[Stored items from a collection]
============

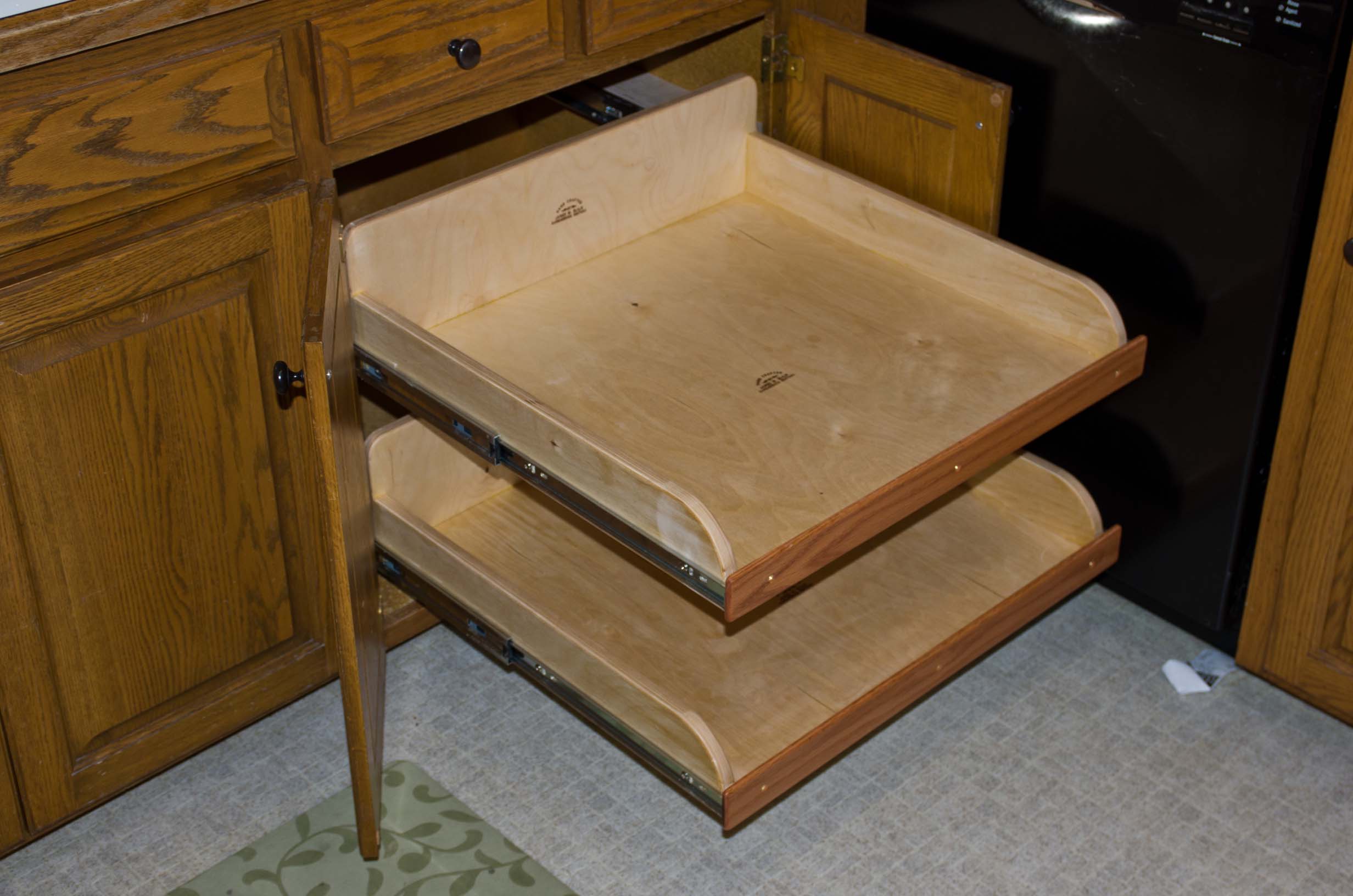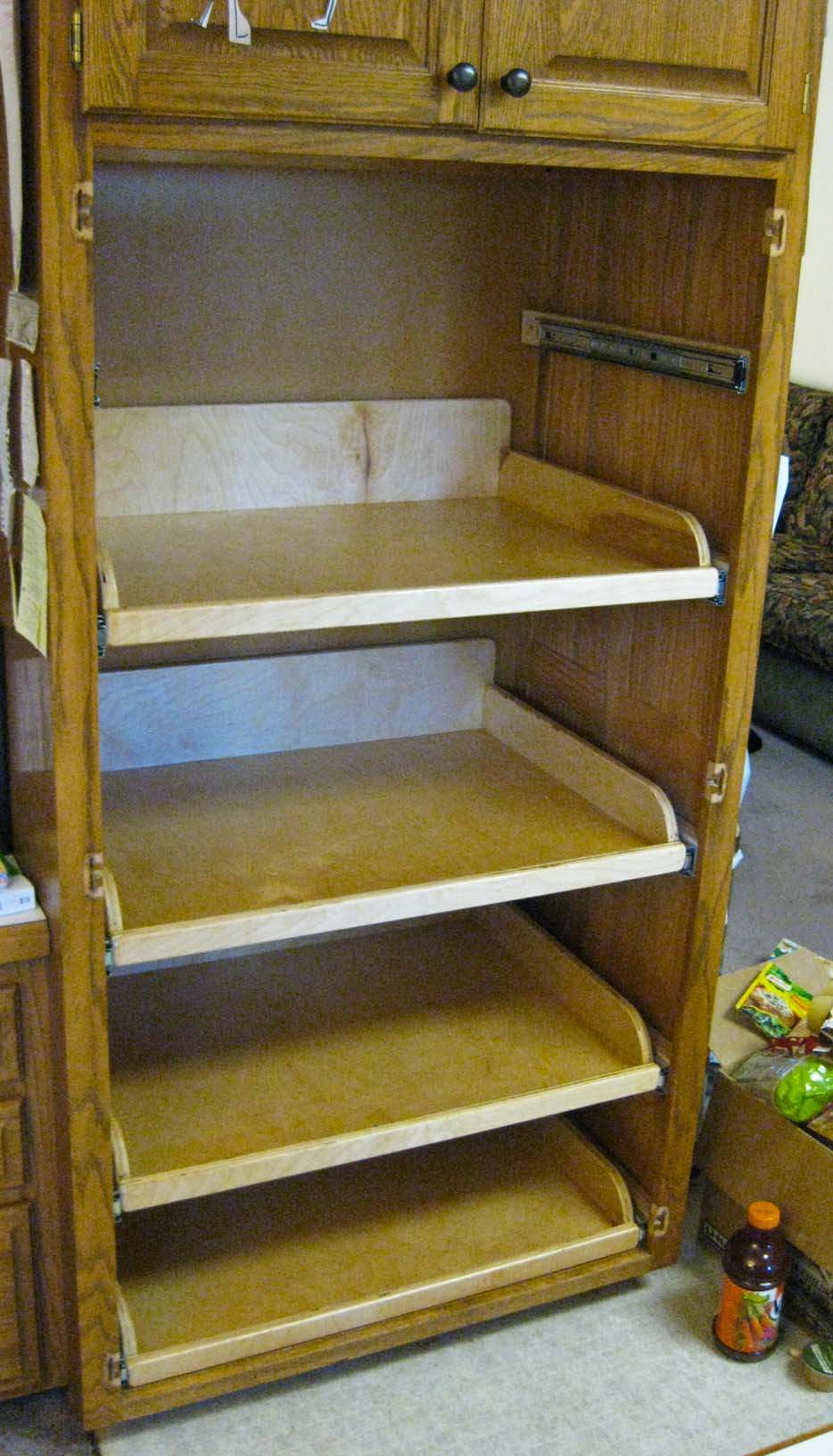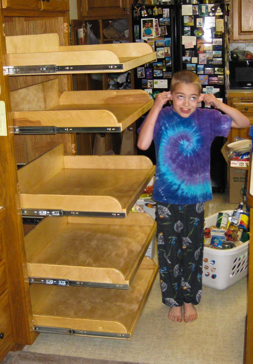 We had a big project this fall: Put full-extension shelves into our cabinets in the kitchen. I had to build them and then finish and install them. |
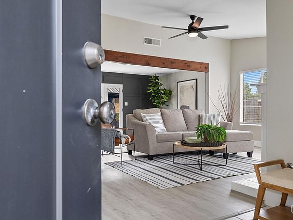 You won't believe it! This home has been totally refurbished and updated. From the moment you walk in, you will feel the difference. The living room has a fireplace and plank flooring that give you the area for TV viewing or just relaxing, while the large eating area has tile and the French doors to the enormous back yard. And did you say relax? The beautiful patio cover is included. The kitchen is a wonderful place to cook with the glazed wood counters, updated range and lighting and plenty of storage. The hall bath sports a new counter and sink along with the new toilet and shower over tub. Please notice the organizers in the bedroom closet spaces and the fan/light fixtures are a perfect blend of color appeal and usefulness. The Primary bedroom is good sized and the bath has also been afforded the upgrades. And don't forget to notice the epoxy flooring in the garage that helps keep everything neat and clean. This is a delightful home in an area where the kids can walk to school.
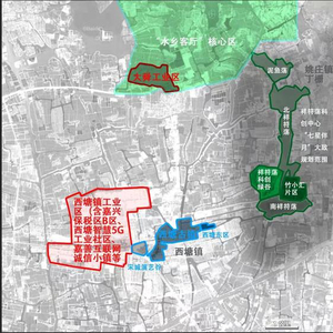 祥符荡规划片区与西塘镇和水乡客厅核心区区位关系 制图 赵忞 底图来源百度卫星图
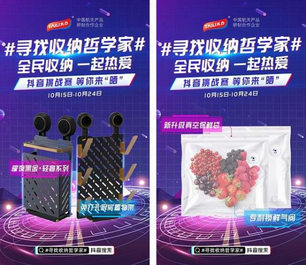 凭借敏锐的市场洞察力,太力品牌紧追营销新动向,结合“收纳”的概念内核,2021年10月15日-10月24日,携手众多家居收纳品牌参与天猫家居全民收纳活动,顺势在抖音平台发起 #寻找收纳哲学家# 挑战赛活动,寻找民间收纳高手,亮出你的生活!
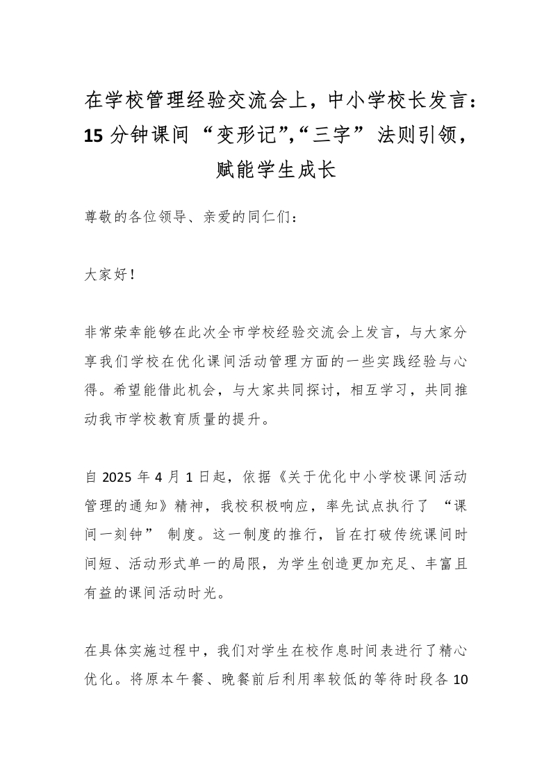 首页校长资料工作讲话在学校管理经验交流会上,中小学校长发言:15分钟课间 “变形记”,“三字” 法则引领,赋能学生成长

============

An answer that restates all the entries exactly and drops the images is what is needed.

 We had a big project this fall: Put full-extension shelves into our cabinets in the kitchen. I had to build them and then finish and install them. |
 You won't believe it! This home has been totally refurbished and updated. From the moment you walk in, you will feel the difference. The living room has a fireplace and plank flooring that give you the area for TV viewing or just relaxing, while the large eating area has tile and the French doors to the enormous back yard. And did you say relax? The beautiful patio cover is included. The kitchen is a wonderful place to cook with the glazed wood counters, updated range and lighting and plenty of storage. The hall bath sports a new counter and sink along with the new toilet and shower over tub. Please notice the organizers in the bedroom closet spaces and the fan/light fixtures are a perfect blend of color appeal and usefulness. The Primary bedroom is good sized and the bath has also been afforded the upgrades. And don't forget to notice the epoxy flooring in the garage that helps keep everything neat and clean. This is a delightful home in an area where the kids can walk to school.
 祥符荡规划片区与西塘镇和水乡客厅核心区区位关系 制图 赵忞 底图来源百度卫星图
 凭借敏锐的市场洞察力,太力品牌紧追营销新动向,结合“收纳”的概念内核,2021年10月15日-10月24日,携手众多家居收纳品牌参与天猫家居全民收纳活动,顺势在抖音平台发起 #寻找收纳哲学家# 挑战赛活动,寻找民间收纳高手,亮出你的生活!
 首页校长资料工作讲话在学校管理经验交流会上,中小学校长发言:15分钟课间 “变形记”,“三字” 法则引领,赋能学生成长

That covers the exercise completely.